Hello,
I have a enum
type in Protocol Buffer (ProtoBuf)
enum Fruit {
APPLE=1;
ORANGE=2;
KIWI=3;
};
I want to load and use it in Julia.
Searched online and arrived to ProtoBuf.jl package.
In the documentation it says:
Enums are declared as
Int32
types in the generated code. For every enum, a separate named tuple is generated with fields matching the enum values.

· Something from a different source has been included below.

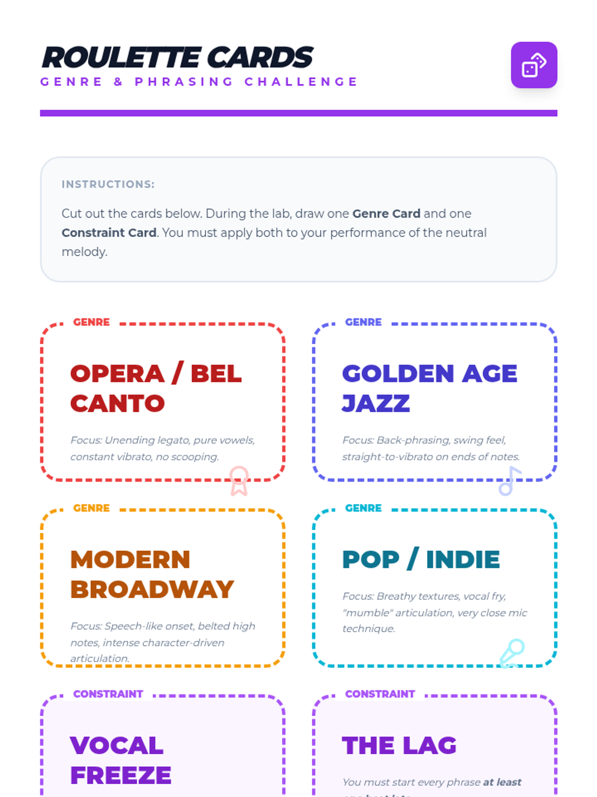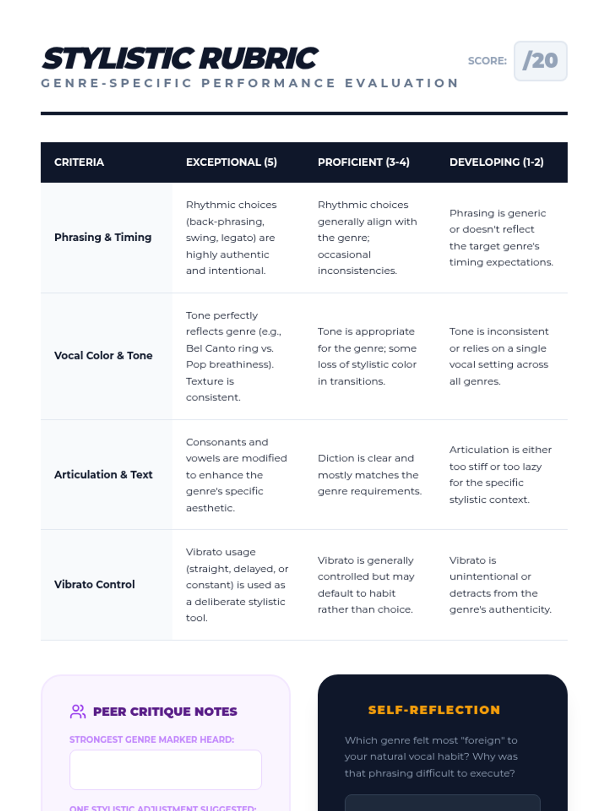 This sequence explores how vocalists adapt phrasing, tone, and technique across Classical, Jazz, Musical Theater, and Pop/Rock genres to create authentic and compelling performances.

Thelookup
method can be used to verify valid values.
How is it different from Enum
type and which is better?
# syntax: proto2
# https://github.com/JuliaIO/ProtoBuf.jl/blob/master/PROTOC.md
const FruitEnum1 = (;[
Symbol("APPLE") => Int32(1),
Symbol("ORANGE") => Int32(2),
Symbol("KIWI") => Int32(3),
]...)
const FruitEnum2 = (;[
Symbol("APPLE") => Int32(4),
Symbol("ORANGE") => Int32(5),
Symbol("KIWI") => Int32(6),
]...)
eat1(x::Symbol) = println("I'm a Fruit $(x) with value: $(FruitEnum1[x])");
eat2(x::Symbol) = println("I'm a Fruit $(x) with value: $(FruitEnum2[x])");
eat1(:APPLE) # I'm a Fruit APPLE with value: 1
eat2(:APPLE) # I'm a Fruit APPLE with value: 4
eat1(:BANANA) # ERROR: type NamedTuple has no field BANANA
# https://docs.julialang.org/en/v1/base/base/#Base.Enums.Enum
@enum FruitEnum3 APPLE=7 ORANGE=8 KIWI=9
eat3(x::FruitEnum3) = println("I'm a Fruit $(x) with value: $(Int(x))");
eat3(APPLE) # I'm a Fruit APPLE with value: 7
eat3(7) # MethodError: no method matching eat3(::Int64)

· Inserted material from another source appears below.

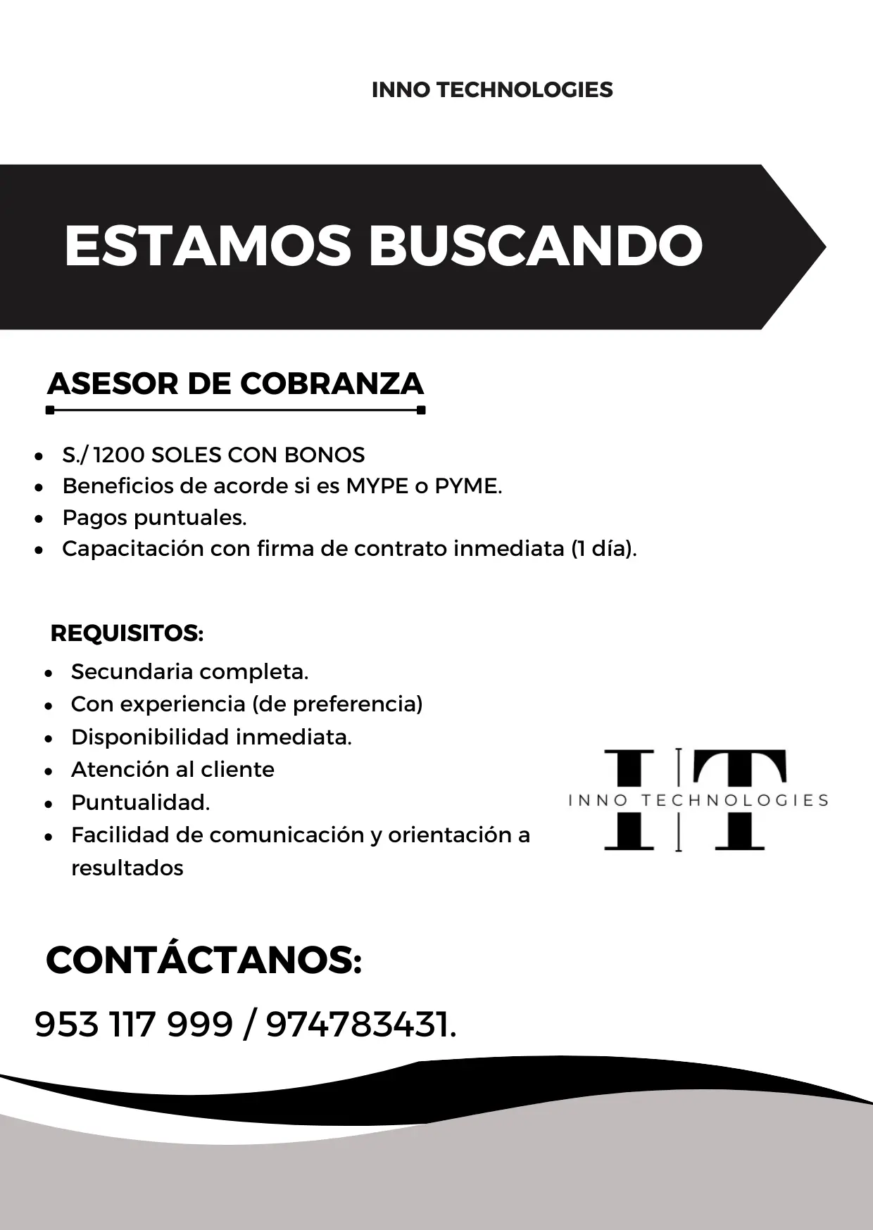 | Funcion: | Contactar a clientes con pagos pendientes vu00eda llamadas y mensajes, brindar informaciu00f3n clara sobre sus deudas y fechas de pago, negociar compromisos de pago de manera respetuosa, Registrar gestiones realizadas en el sistema y cumplir metas de cobranza asignada |

# Closest candidates are: eat3(::FruitEnum3)
eat2(BANANA) # ERROR: UndefVarError: BANANA not defined
# ERROR: invalid redefinition of constant ORANGE
@enum FruitEnum4 APPLE=10 ORANGE=11 KIWI=12
eat4(x::FruitEnum4) = println("I'm a Fruit $(x) with value: $(Int(x))");
In the case of NamedTuple
from Symbol
to Int32
generated by ProtoBuf.jl
, we get:
- Multiple enums can have same name, no collision
- Lookup using Symbols, can be optimized in compile-time
- No type enforcement (can’t have function accept only specific enum type)
But in the case of Enum
, we get:
- There is an enforced type for it that can be supplied on fields/parameters.
- Lookup uses constants, also can be optimized in compile-time.
- Constants are global, so can’t have multiple enums with same keys.